Peter Jackson’s From Genghis Khan to Tamerlane: The Reawakening of Mongol Asia was something I got the second it was released. It has long been my assertion that English language works on the Timurid period are rare enough. Much less ones also covering the post-unity Mongol prelude that led up to it. Sure, there are specific academic works about certain places or kingdoms in this period, but seeing the process of Mongol decline and Timurid rebirth all at once is an important and overlooked aspect of these two states. Indeed, as Jackson asserts, they really aren’t two different states at all. Or, more specifically, the Chaghatai Khanate (the Mongol successor state in Central Asia) and the Timurid Empire are the same state, but simply domestically usurped. You wouldn’t say the Napoleonic Empire was not a French state would you? And unless chroniclers of the time were refering to Timur as in an individual specifically, they usually referred to his state and army as Chaghataiid.
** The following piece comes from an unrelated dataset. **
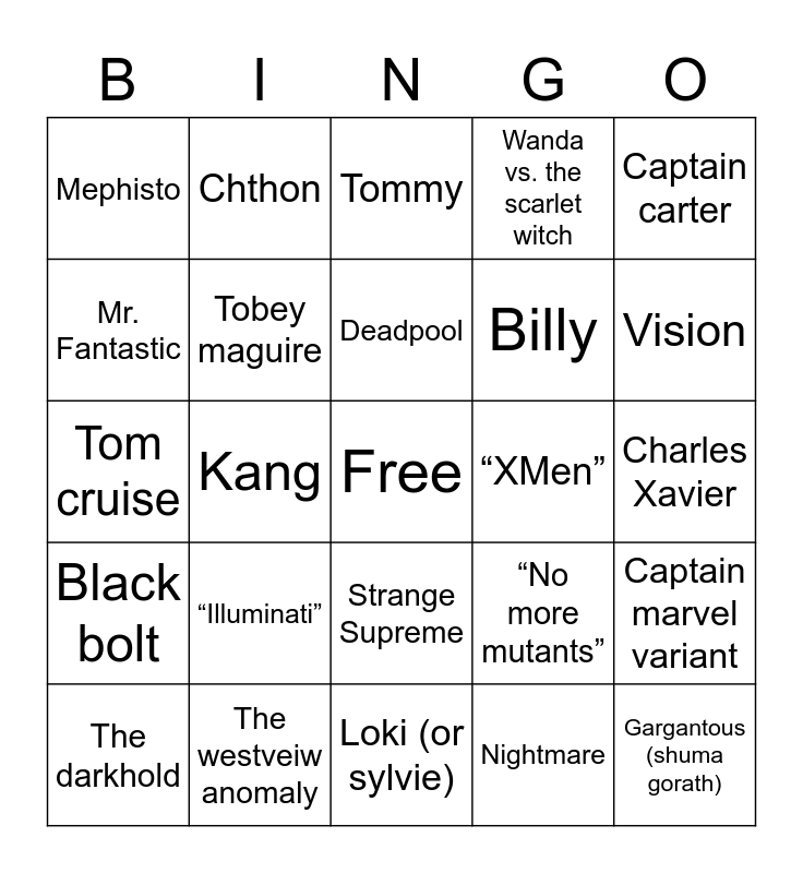 This bingo card has a free space and 24 words: “Illuminati”, The westveiw anomaly, Deadpool, The darkhold, Captain carter, Mephisto, Mr. Fantastic, Chthon, “XMen”, Strange Supreme, Billy, Tom cruise, “No more mutants”, Captain marvel variant, Tobey maguire, Nightmare, Charles Xavier, Tommy, Vision, Kang, Gargantous (shuma gorath), Black bolt, Wanda vs. the scarlet witch and Loki (or sylvie).
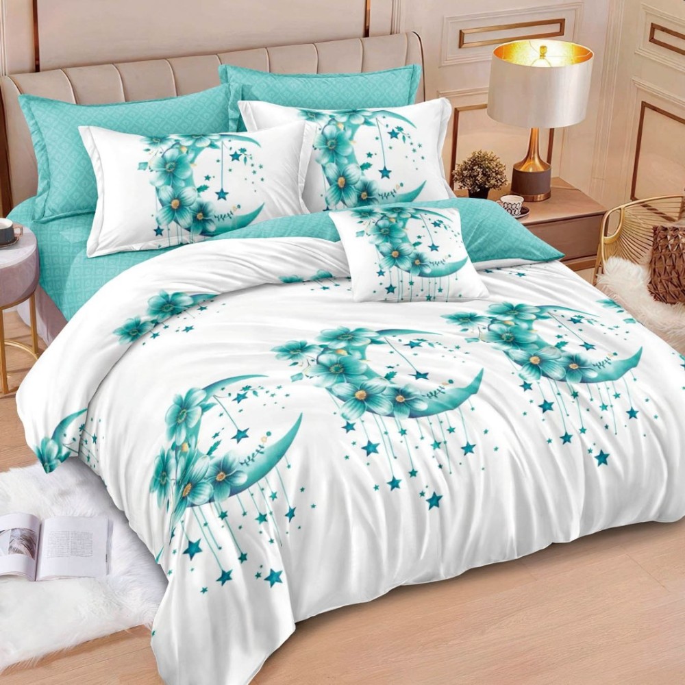 Lenjerie pat dublu, Finet, 6 piese, Alb, Bleu, luna si stele, Johny Home Pucioasa, cod produs: SPR-xR60-629

A brief overview of the rise of the Mongols and then a focus on their post-unity decline and various fates of the successor states give us a full and meaty text. We then see the intermediate period of full Ilkhanate and partial Chaghatai state failure and fragmentation and then, only in the third, final (but most substantial) book subsection, the rise of Emir Timur with a short final chapter on the fairly rapid fall of the empire. Jackson does not deny the differences in the periods at the start and end of his work, but emphasizes continuity in many places which are often overlooked. We get citations from numerous contemporary historians to all kinds of aspects of this period, such as attitudes towards various peoples, how rule was legitimized, the large amount of the nomadic people that retained shamanism even after official societal conversion to Islam, and the courtly public debates between Chinggis Khan’s proto-constitutional Yasa (eventually called Tore) and Sharia law. There are also numerous asides about rival dynasties that emerged in the political vacuums that arose in the post-Mongol world. (If you would like another great book on this subject do check out Patrick Wing’s The Jalayirids.)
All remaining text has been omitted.